Chancen der Quantenära

Verschlüsselungsexperte Stoecklin geht davon aus, dass andere Länder bald nachziehen werden. Wie kryptografische Schwachstellen in Behörden und Unternehmen effizient gefunden werden können, ist auch in der Forschungsabteilung von IBM ein großes Thema.

Der Konzern, der selbst viel in die Entwicklung von Quantencomputern investiert, bietet Produktlösungen zur Unterstützung an und hat kürzlich einen Leitfaden herausgegeben, der Betroffenen die Vorbereitung auf den Umstieg zur Quantensicherheit erleichtern soll.

Bei aller Notwendigkeit, sich auf die Risiken des Zeitalters der Quantencomputer vorzubereiten, sollte man aber auch die großen Chancen nicht aus den Augen verlieren, die damit einhergehen. "Codeknacken ist nur ein kleiner Teil der Fähigkeiten eines Quantencomputers", sagte der Physiker Hannes Hübel vom Austrian Institute of Technology (AIT) kürzlich zum STANDARD.

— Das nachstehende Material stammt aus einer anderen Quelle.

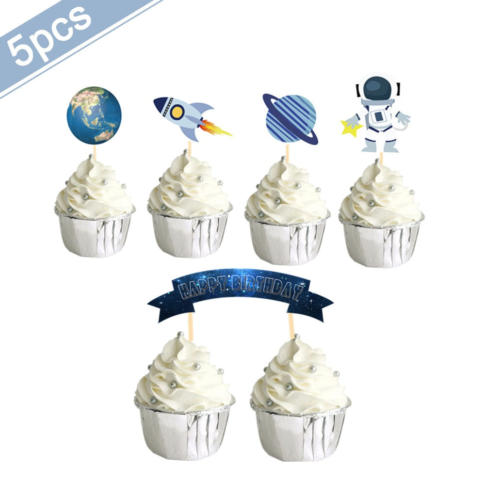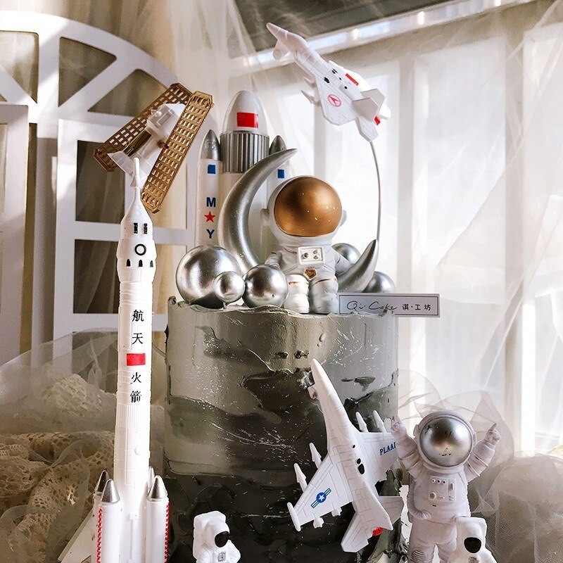 Astronaut Cake Decoration Planets Cake Topper Spaceman Baking Ornaments For Kid Boy Universe Outer Space Birthday Party Supplies

So könnten leistungsfähige Quantenprozessoren eines Tages die Medikamentenentwicklung oder die Materialforschung revolutionieren und im Bereich von Machine-Learning völlig neue Möglichkeiten eröffnen. (David Rennert, Tanja Traxler, 31.12.2022)

Die Reise nach Rüschlikon erfolgte auf Einladung von IBM.